Большие замыслы рождаются у Толстого на Кавказе. Он работает над романом «Четыре эпохи развития», начинает «Роман русского помещика», который, по мнению писателя, «будет полезной и доброй книгой» (т. 46, с. 145), задумывает большое эпическое произведение о казаках, жизнь которых так притягивала его своей цельностью, своей нераздельностью с природой.
Наряду с такими монументальными замыслами возникает насущная необходимость рассказать о том, что важно и дорого в данную минуту, что волнует и поражает своей неожиданностью. Толстой намеревается писать «Очерки Кавказа», программа которых включает самые разные сюжеты, подсказанные жизнью горцев, впечатлениями о Кавказе, военными событиями.
На Кавказе Толстой впервые увидел войну. Не сразу сложилось у него ясное и определенное отношение к этому явлению, С одной стороны, ему необходимо осмыслить сам факт войны, выработать свой взгляд на это состояние мира; с другой — словно предчувствуя, что осмысление это откроет что-то непоправимо-страшное, он намеренно ограничивается «детским взглядом» на вещи. «Странно, что мой детский взгляд — молодечество — на войну, для меня самый покойный», — записывает он в Дневнике в феврале 1852 года (т. 46, с. 90–91). «Детский взгляд»-это представление о кавказской войне, об этом «крае диком», сложившееся еще до Кавказа, под влиянием произведений Марлинского и отчасти романтических поэм Лермонтова.

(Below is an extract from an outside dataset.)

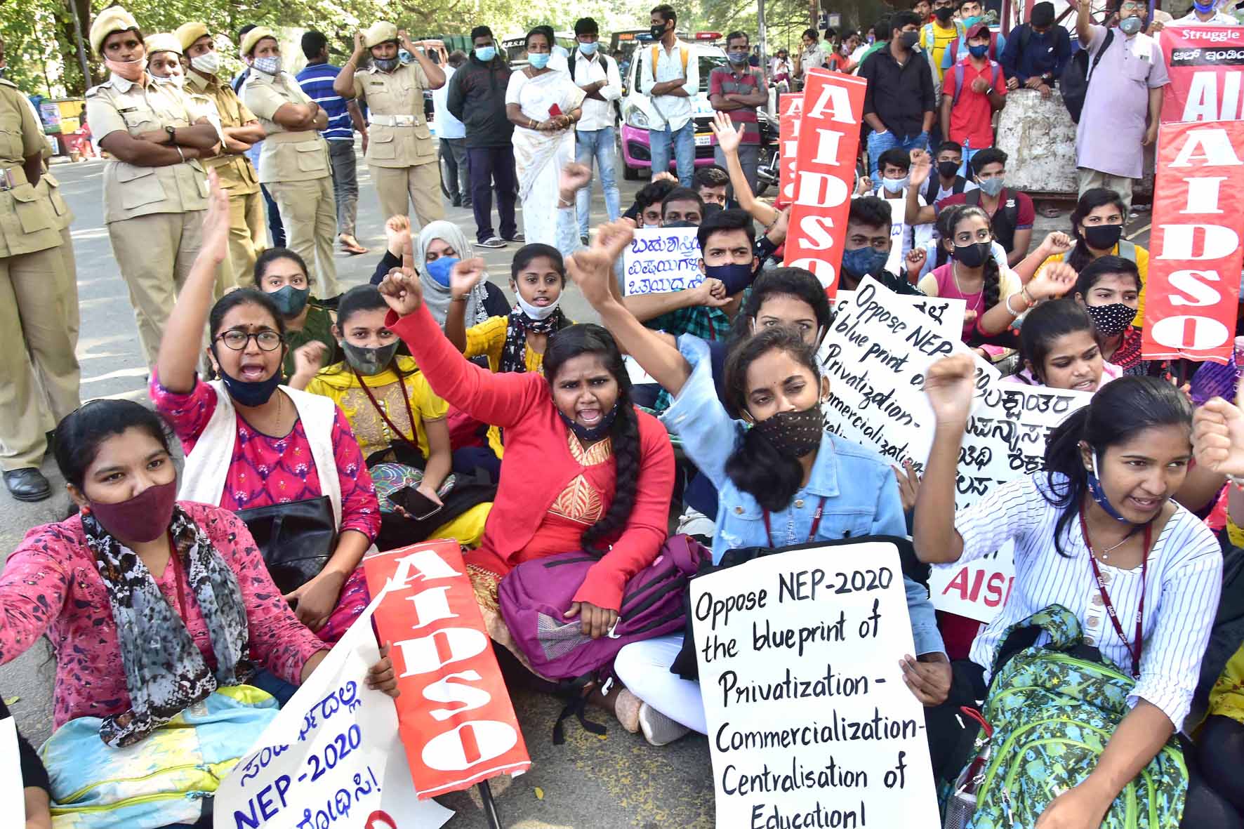 ಬೆಂಗಳೂರು, ಡಿ. 8: ‘ರಾಷ್ಟ್ರೀಯ ಹೊಸ ಶಿಕ್ಷಣ ನೀತಿ(ಎನ್ಇಪಿ) ಹೆಸರಿನಲ್ಲಿ ಹೇರಿರುವ ನಾಲ್ಕು ವರ್ಷದ ಪದವಿ ಕೋರ್ಸ್ ಅನ್ನು ಕೂಡಲೇ ಹಿಂಪಡೆಯಬೇಕೆಂದು ಆಗ್ರಹಿಸಿ ಆಲ್ ಇಂಡಿಯಾ ಡೆಮಾಕೆಟ್ರಿಕ್ ಸ್ಟೂಡೆಂಟ್ಸ್ ಆರ್ಗನೈಜೇಷನ್(ಎಐಡಿಎಸ್ಓ) ನೇತೃತ್ವದಲ್ಲಿ ವಿದ್ಯಾರ್ಥಿಗಳು, ಉಪನ್ಯಾಸಕರು ಧರಣಿ ಸತ್ಯಾಗ್ರಹ ನಡೆಸಿದರು.

Но беспощадный анализ, которому подвергал Толстой свой внутренний мир и мир, его окружающий, уничтожал иллюзии, расшатывал устойчивые представления. Восприятие войны не могло долго оставаться на уровне «детского взгляда», «молодечества». «Молодечество» для Толстого уже не столь безупречно, и на страницах Дневника снова и снова появляются размышления о том, что такое истинная храбрость, кого можно назвать храбрым. В поисках ответа на эти вопросы возникает замысел первого рассказа «Письмо с Кавказа» (будущий «Набег»), где Толстой хочет на примерах из военной жизни рассмотреть и определить понятие храбрости. Храбрость для него — частное, конкретное выражение добродетели и потому во многом является мерилом нравственной ценности человека.

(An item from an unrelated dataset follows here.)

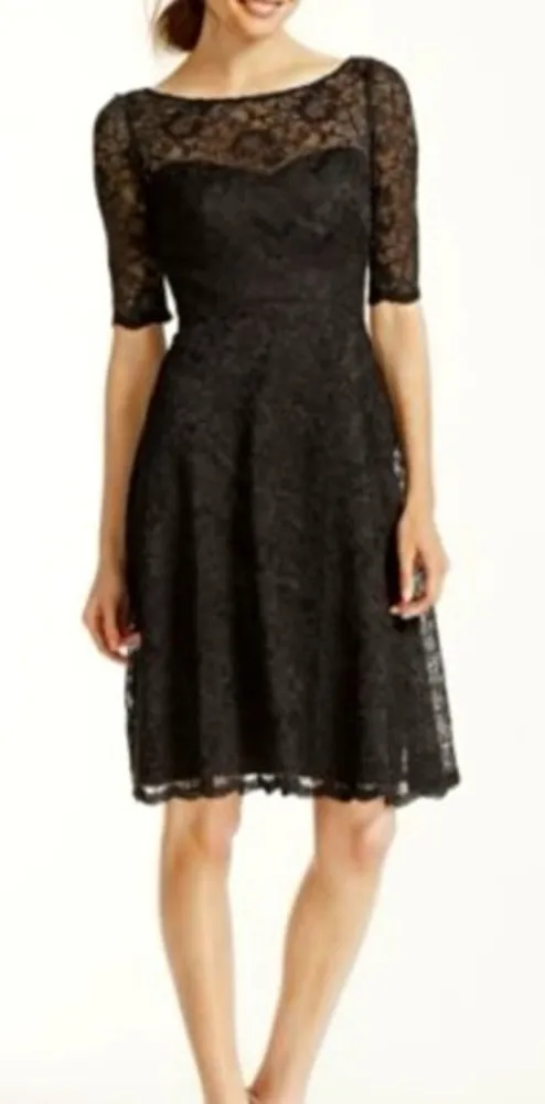 All over lace, lined except the sleeves, deep V back. Measurements when laid flat: Waist 16” Pit to... Show more

Работая над рассказом, Толстой старается всесторонне проанализировать это человеческое качество и осмыслить с социальной точки зрения. Истинно храбрым в рассказе оказывается капитан Хлопов, старый солдат, прослуживший всю жизнь на Кавказе. Простота, естественность, житейская и военная мудрость капитана, вся фигура его, в которой «было очень мало воинственного», заметно отличают его от таких «удальцов джигитов», как Розенкранц, от офицеров из свиты генерала, от всех тех, для кого набег — лишь случай показать «молодечество».
Размышления о храбрости, о поведении человека «в деле», новые впечатления военной жизни заставляют Толстого пристальнее вглядеться в войну и определить свое отношение к ней. Пытаясь объяснить, что такое война, Толстой признается, что для него это явление непонятно. Он находит противоречия в самой сущности войны: с одной стороны, война неестественна, несправедлива и «общее бедствие» (т. 3, с. 220), с другой — естественна, потому что войны происходят постоянно, и справедлива, ибо вызвана чувством самосохранения.

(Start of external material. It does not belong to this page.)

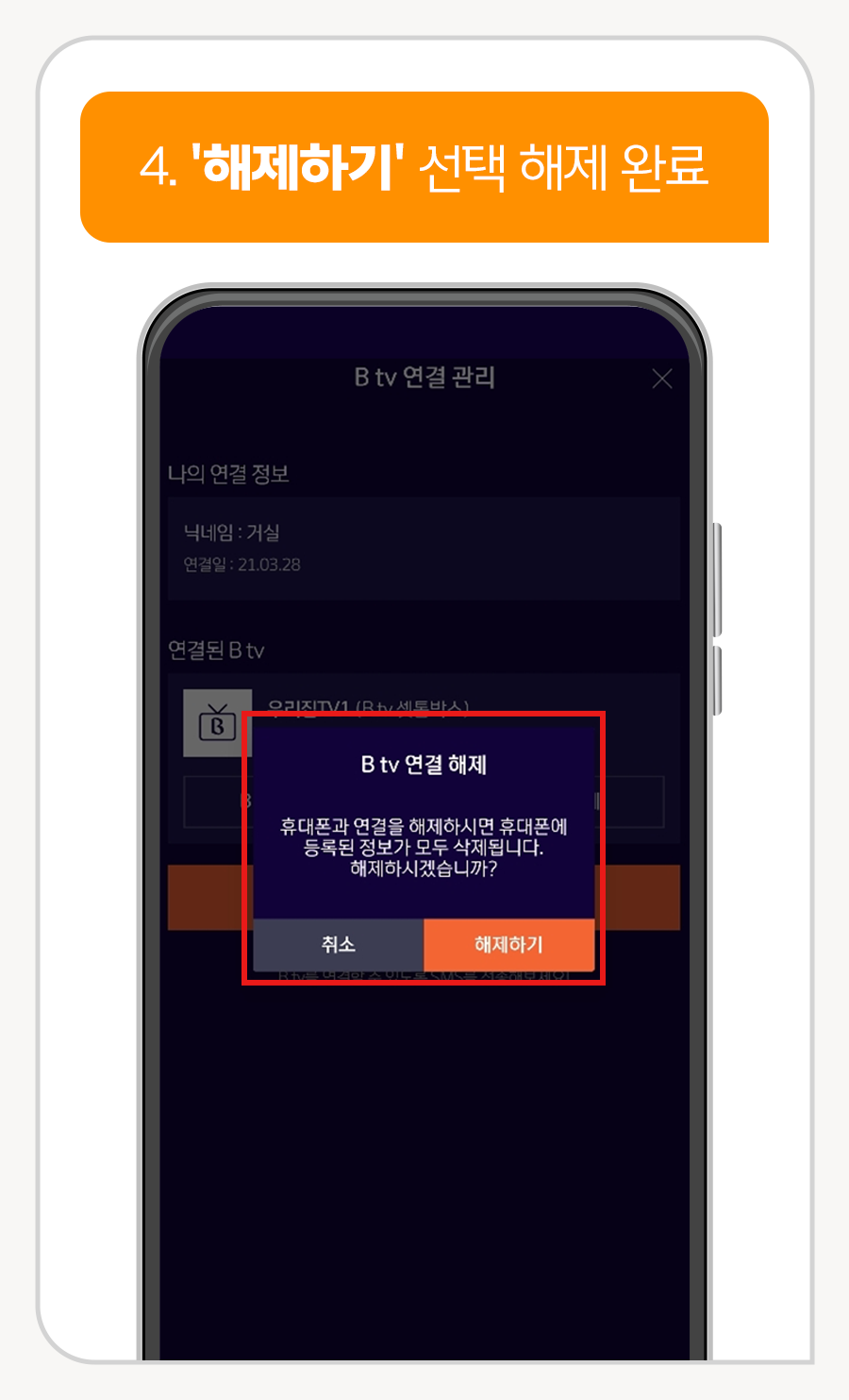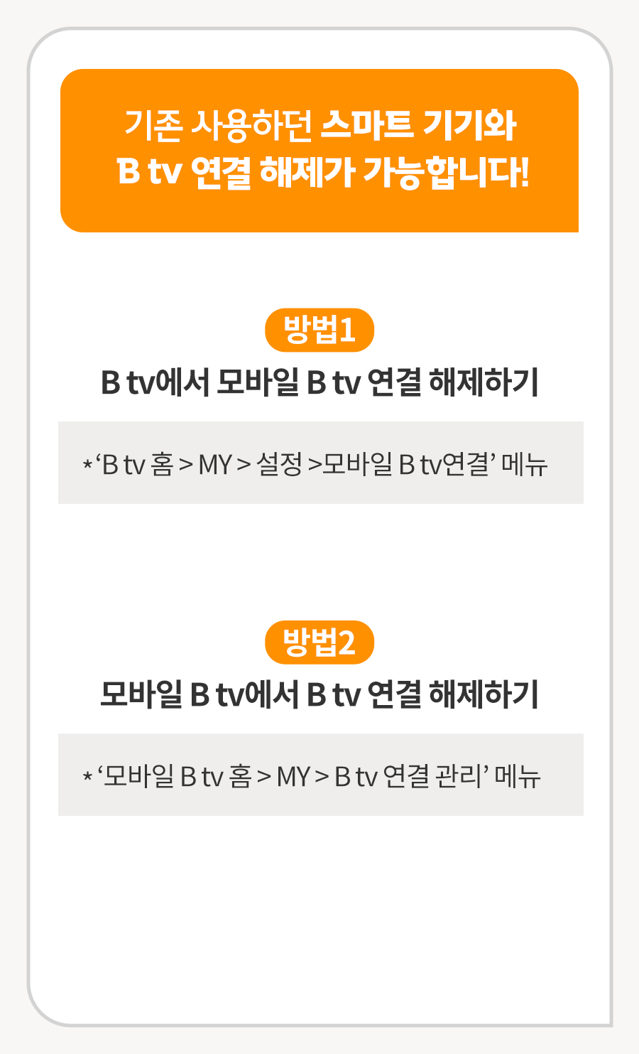 기존 사용하던 스마트 기기와 B tv 연결 해제가 가능합니다!

В процессе работы над «Набегом» все более определяется отношение Толстого к войне как к явлению неестественному, порожденному «гадкими людьми», мало умеющими ценить «этот прекрасный свет». Носителем спокойствия и мира выступает в рассказе природа. «Оскорбительным диссонансом среди тихой и торжественной гармонии» слышится «звон тяжелого орудия, звук столкнувшихся штыков». «Примирительная красота и сила природы» вызывает размышления писателя: «Неужели тесно жить людям на этом прекрасном свете, под этим неизмеримым звездным небом? Неужели может среди этой обаятельной природы удержаться в душе человека чувство злобы, мщения или страсти истребления себе подобных? Все недоброе в сердце человека Должно бы, кажется, исчезнуть в прикосновении с природой — этим непосредственнейшим выражением красоты и добра».
«Описание» войны, задуманное Толстым, становится в рассказе осуждением войны. Глазами волонтера, молодого человека, увидевшего войну впервые, смотрит писатель на совершающееся вокруг. Страшные законы этого «внешнего» мира, по которым люди убивают друг друга, разрушают гармонию непосредственного, цельного внутреннего мира человека и мира природы — вот главная мысль, звучащая в «Набеге».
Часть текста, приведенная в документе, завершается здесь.